Step 4: Introduce a more robust caching engine. You can use Amazon Elastic Cache for Memcached or Redis to reduce write requests. Memcached and Redis have different use cases so if you can afford to lose and recover your cache from your database, use Memcached. If you are looking for more robust data persistence and complex data structure, use Redis. In AWS, these are managed services, which means AWS takes care of the workload for you and you can also deploy them in your on-premises instances or use a hybrid approach.

Step 5: Scale your server. If there are still issues, it’s time to scale your server.  For the greatest cost-effectiveness and unlimited scalability, I suggest always using horizontal scaling. However, use cases like database vertical scaling may be a better choice until you are good with sharding; or use Amazon Aurora Serverless for variable workloads. It will be wise to use Auto Scaling to manage your workload effectively for horizontal scaling. Also, to achieve that, you need to persist the session. Amazon DynamoDB can handle session persistence across instances.

If your server is on premises, consider creating a multisite architecture, which will help you achieve quick scalability as required and provide a good disaster recovery solution.  You can pick and choose individual services like Amazon Route 53, AWS CloudFormation, Amazon SQS, Amazon SNS, Amazon RDS, etc. depending on your needs.

Your multisite architecture will look like the following diagram:

In this architecture, you can run your regular workload on premises, and use your AWS workload as required for scalability and disaster recovery.

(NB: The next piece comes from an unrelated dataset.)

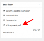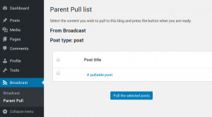 After posts have been marked, they are now pullable by visiting a target blog’s Admin > Broadcast > Parent Pull menu.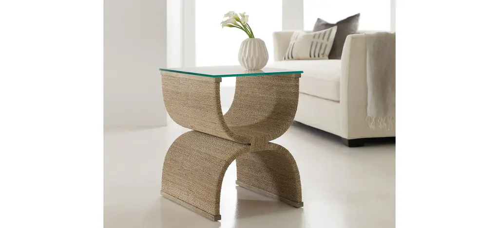In stylish symmetry, the Melange Lenny Woven End Table, crafted in an organic woven rope with a tempered glass top, is a bohemian beauty that will add whimsy and practicality to any chairside.

Using Route 53, you can direct a precise percentage of users to an AWS workload.

If you decide to move all of your workloads to AWS, the recommended multi-AZ architecture would look like the following:

In this architecture, you are using a multi-AZ distributed workload for high availability. You can have a multi-region setup and use Route53 to distribute your workload between AWS Regions. CloudFront helps you to scale and distribute static content via an S3 bucket and DynamoDB, maintaining your application state so that Auto Scaling can apply horizontal scaling without loss of session data. At the database layer, RDS with multi-AZ standby provides high availability and read replica helps achieve scalability.

This is a high-level strategy to help you think through the scalability of your workload by using AWS even if your workload in on premises and not in the cloud…yet.

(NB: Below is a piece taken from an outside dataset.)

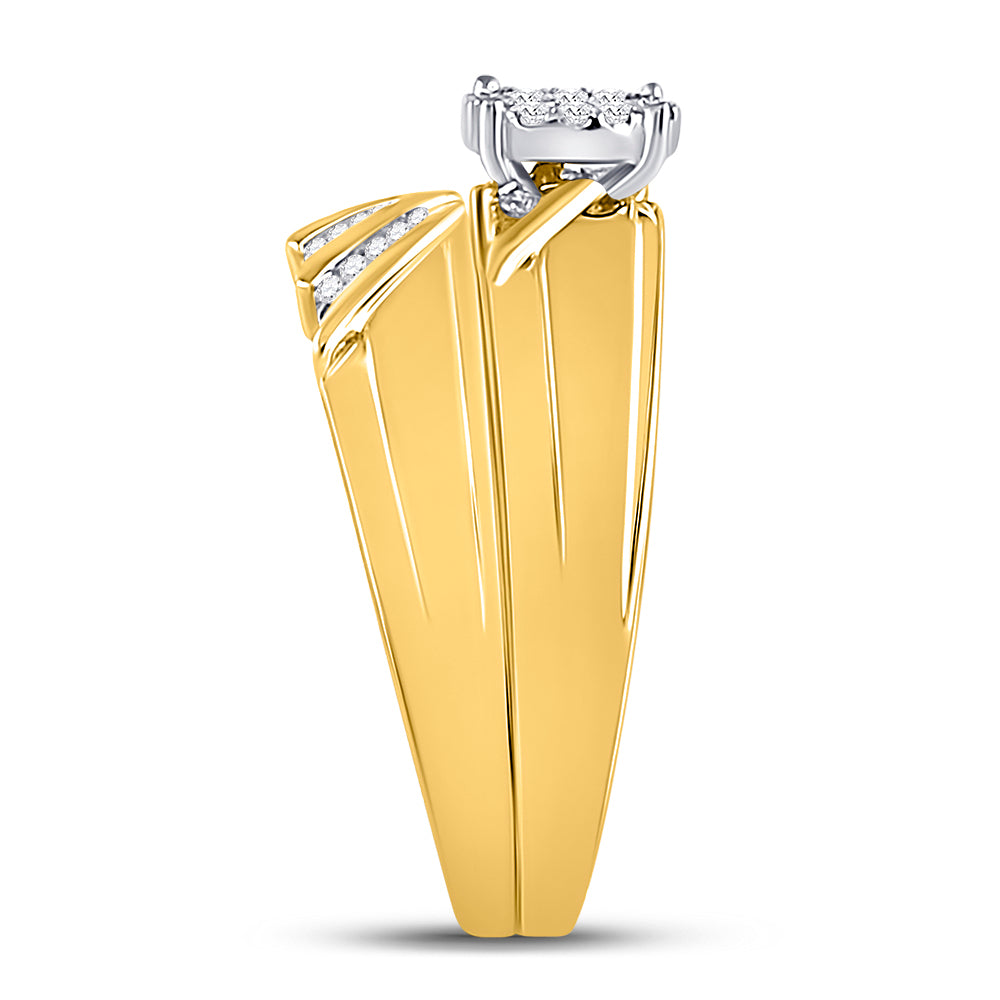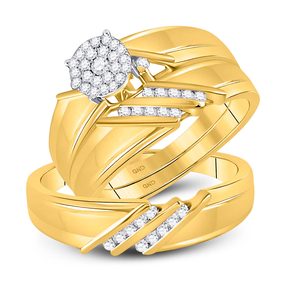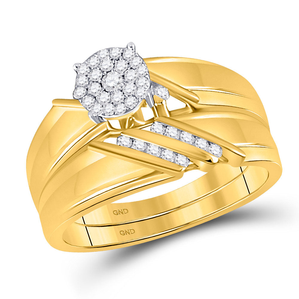 10kt Yellow Gold His Hers Round Diamond Cluster Matching Wedding Set 1/3 Cttw

I highly recommend creating a hybrid, multisite model by placing your on-premises environment replica in the public cloud like AWS Cloud, and using Amazon Route53 DNS Service and Elastic Load Balancing to route traffic between on-premises and cloud environments. AWS now supports load balancing between AWS and on-premises environments to help you scale your cloud environment quickly, whenever required, and reduce it further by applying Amazon auto-scaling and placing a threshold on your on-premises traffic using Route 53.